= Ershov number =

Type of number used in code optimization

Ershov numbers, named after Andrey Petrovich Yershov, are used in code optimization to minimize the amount of register allocations. Ershov numbers can be used in methods to optimally select registers when there is only one expression in a code block.
Given an expression E = E_{1} op E_{2} the goal is to generate code so as to either minimize the number of registers used, or, if an insufficient number of registers is available, to minimize the number of nonregister temporaries required.

== Definition ==

The Ershov number $n$ of a node in a given expression tree is defined as follows:

1. Every leaf has $n = 1$.
2. For a node with one child, $n$ is the same as the child's.
3. For a node with two children with Ershov numbers $n_1$ and $n_2$ , $n$ is defined as:
$$n = \begin{cases}
    \max(n_1, n_2) & \text{if } n_1 \ne n_2,\\
    n_1 + 1 & \text{if } n_1 = n_2.
\end{cases}$$

The Ershov number of a node represents the minimum number of registers required to evaluate the subexpression whose root is that node. The idea is that we evaluate the child with the larger Ershov number first, then the other child, then perform the operation at the root.

== Example ==
Suppose we have an expression tree with a '+' operation at the root, and the left and right subtrees have Ershov numbers of 3 and 4, respectively. The Ershov number of this node is 4, so we should be able to generate code for the expression using 4 registers.

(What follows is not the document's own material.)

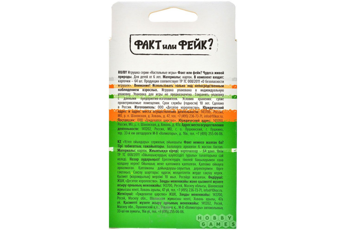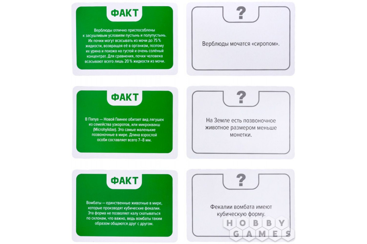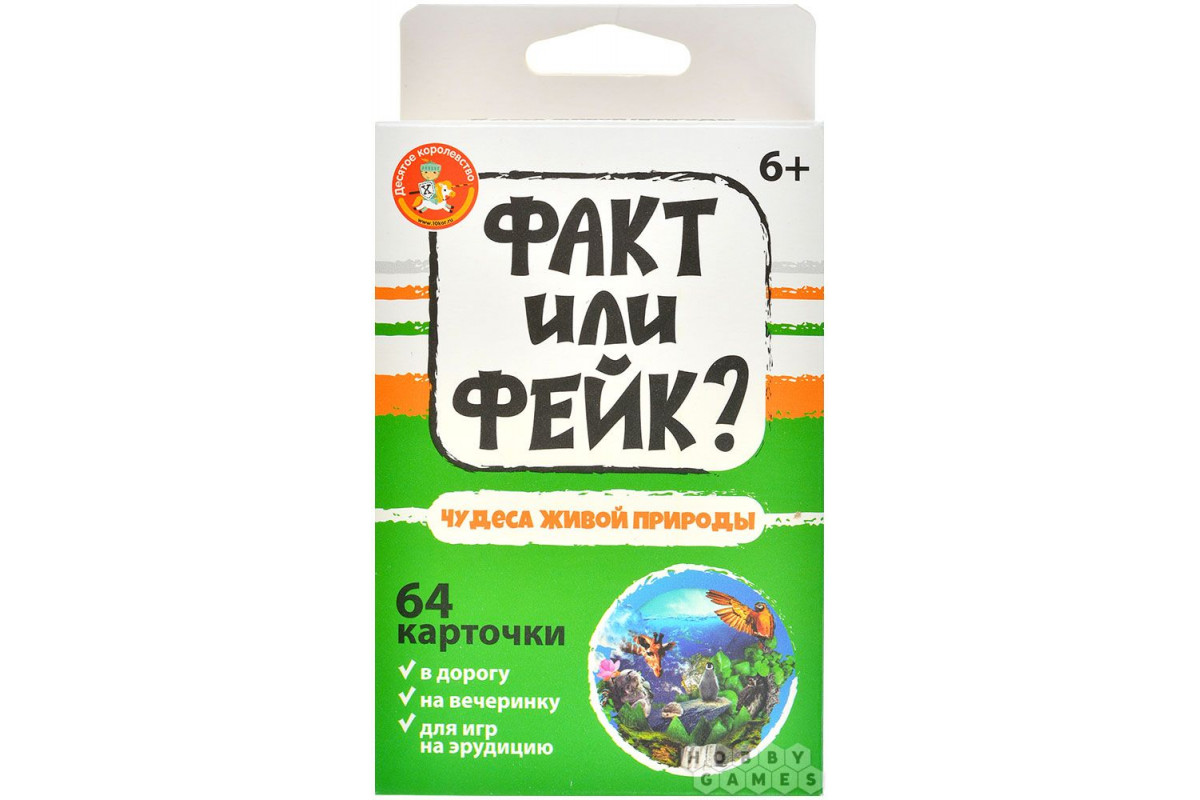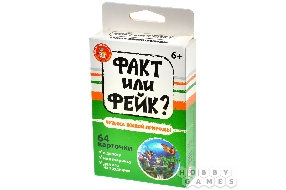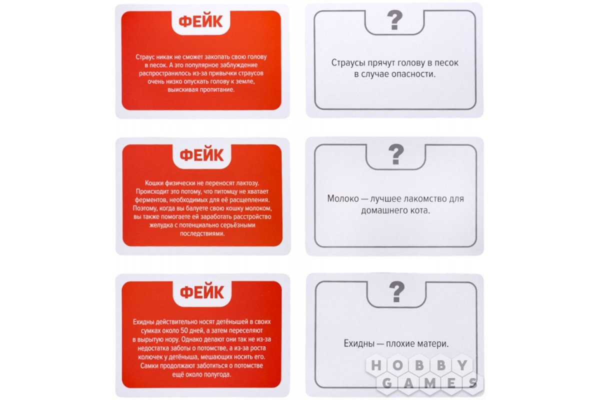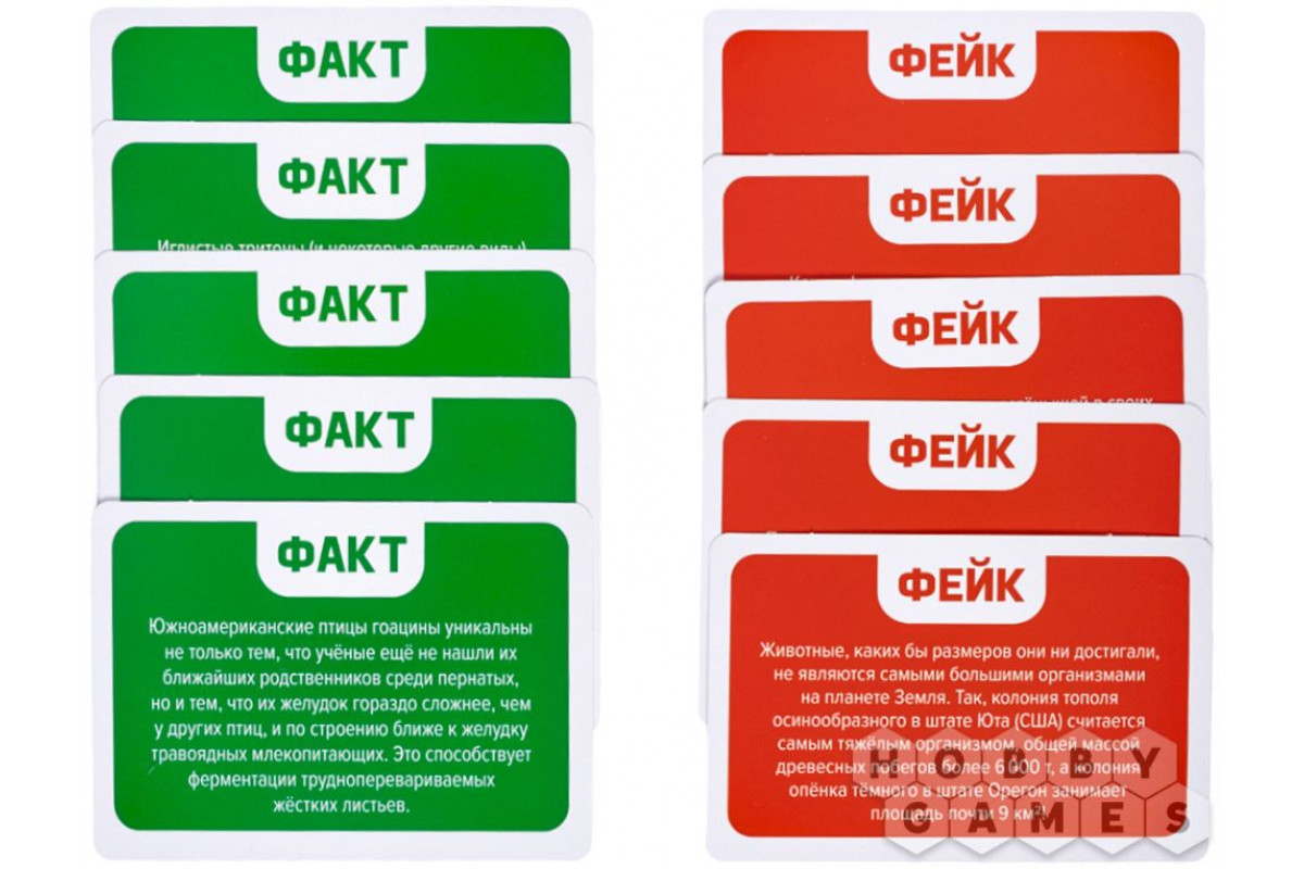 Правила просты: перемешайте колоду карт, положите в центр стола фактами вверх, зачитайте факт на первой карте и ответьте – правда это или фейк. Переверните карту, чтобы проверить свой ответ. Угадали – карта ваша, а если нет, то уберите карту в сторону. Победит игрок, набравший больше всех карт.

1. Generate code to evaluate the right child using registers r1, r2, r3, and r4. Place the result in r1.
2. Generate code to evaluate the left child using registers r2, r3, and r4. Place the result in r2.
3. Issue the instruction ADD r1, r1, r2, which adds r1 and r2 and stores the result in r1.

== Code generation ==
The general procedure for generating code using a minimal number of loads and stores from memory is as follows:

1. Generate code for the child with the largest Ershov number first
2. Issue an instruction to store the result in a temporary register, or, if none is available, a temporary location in memory
3. Generate code for the child with the smaller Ershov number
4. Issue an instruction to load the temporary variable back into a register
5. Issue an instruction to perform the operation at the root

In the ideal case, if there are n registers and the first subexpression requires n registers and the next subexpression requires n - 1 registers, a single register can be used to store the result of the first expression, and there will still be n - 1 registers available to compute the next subexpression, therefore requiring no loads or stores from memory at all.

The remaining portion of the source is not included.